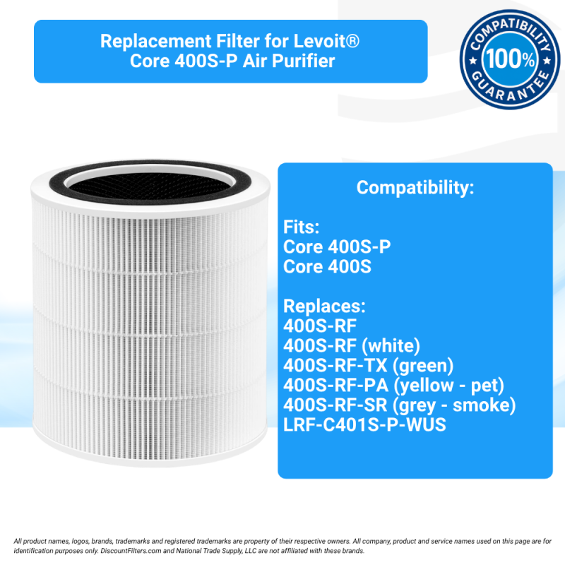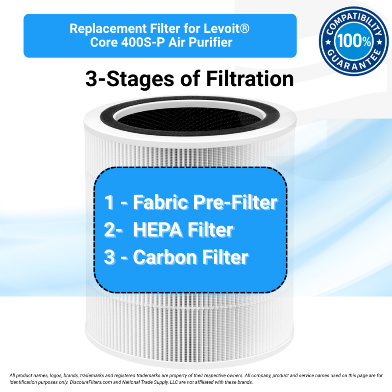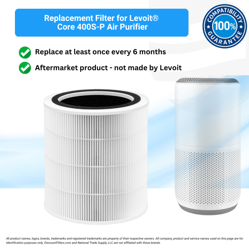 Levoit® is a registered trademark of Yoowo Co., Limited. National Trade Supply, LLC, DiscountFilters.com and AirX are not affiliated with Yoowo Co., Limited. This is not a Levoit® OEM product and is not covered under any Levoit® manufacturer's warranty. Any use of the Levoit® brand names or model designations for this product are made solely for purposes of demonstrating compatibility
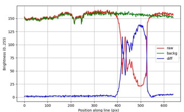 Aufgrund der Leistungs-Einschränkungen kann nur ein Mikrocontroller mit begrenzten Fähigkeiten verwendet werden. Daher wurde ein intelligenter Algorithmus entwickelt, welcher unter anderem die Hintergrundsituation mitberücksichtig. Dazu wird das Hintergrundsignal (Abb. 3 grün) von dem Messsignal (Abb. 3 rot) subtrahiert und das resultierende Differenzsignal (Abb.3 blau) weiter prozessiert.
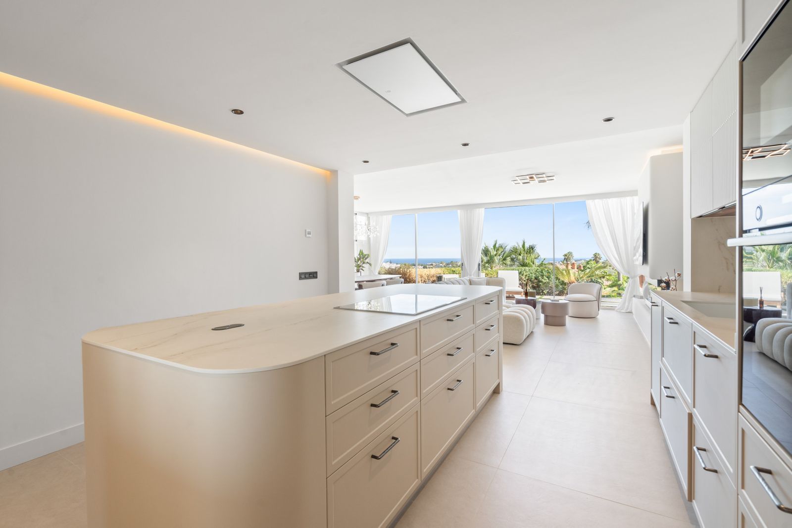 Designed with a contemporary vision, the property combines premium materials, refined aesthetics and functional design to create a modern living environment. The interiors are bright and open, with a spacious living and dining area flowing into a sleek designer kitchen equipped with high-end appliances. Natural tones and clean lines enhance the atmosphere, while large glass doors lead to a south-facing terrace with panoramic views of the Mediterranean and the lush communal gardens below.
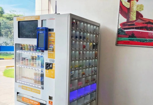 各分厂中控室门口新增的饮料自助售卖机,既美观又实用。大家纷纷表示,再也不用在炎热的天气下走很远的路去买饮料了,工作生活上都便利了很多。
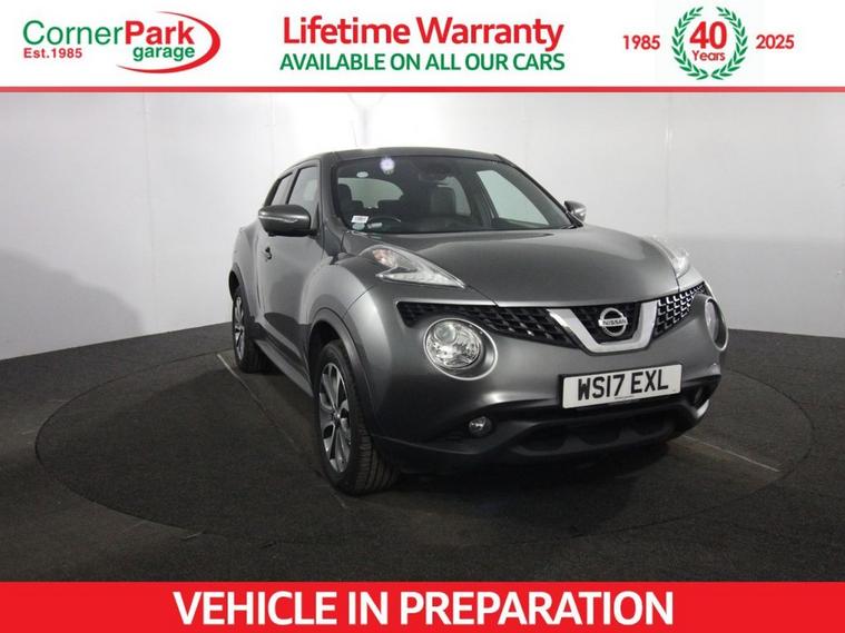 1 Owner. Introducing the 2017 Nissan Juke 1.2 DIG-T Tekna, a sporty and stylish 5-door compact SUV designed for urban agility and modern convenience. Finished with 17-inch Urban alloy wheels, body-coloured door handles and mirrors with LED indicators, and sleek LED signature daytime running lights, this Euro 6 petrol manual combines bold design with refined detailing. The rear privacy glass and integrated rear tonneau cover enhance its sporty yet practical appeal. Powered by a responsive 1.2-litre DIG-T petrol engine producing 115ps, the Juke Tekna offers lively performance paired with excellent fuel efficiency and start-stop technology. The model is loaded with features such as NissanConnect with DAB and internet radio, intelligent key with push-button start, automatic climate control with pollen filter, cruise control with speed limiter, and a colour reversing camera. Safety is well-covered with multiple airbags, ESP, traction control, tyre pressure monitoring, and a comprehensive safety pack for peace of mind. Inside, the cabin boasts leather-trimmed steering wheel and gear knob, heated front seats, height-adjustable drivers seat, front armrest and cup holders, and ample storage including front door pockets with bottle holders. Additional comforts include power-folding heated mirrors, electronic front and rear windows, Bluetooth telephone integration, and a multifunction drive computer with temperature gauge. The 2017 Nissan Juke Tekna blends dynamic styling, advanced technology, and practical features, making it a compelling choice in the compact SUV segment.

__________________________________________________

Task details => Please return the data above exactly as it stands from the line with "Designed with a" to the line with "各分厂中控室门口新增的饮料自", keeping both of those lines but none of the pictures.

Result for this exercise =>
 Designed with a contemporary vision, the property combines premium materials, refined aesthetics and functional design to create a modern living environment. The interiors are bright and open, with a spacious living and dining area flowing into a sleek designer kitchen equipped with high-end appliances. Natural tones and clean lines enhance the atmosphere, while large glass doors lead to a south-facing terrace with panoramic views of the Mediterranean and the lush communal gardens below.
 各分厂中控室门口新增的饮料自助售卖机,既美观又实用。大家纷纷表示,再也不用在炎热的天气下走很远的路去买饮料了,工作生活上都便利了很多。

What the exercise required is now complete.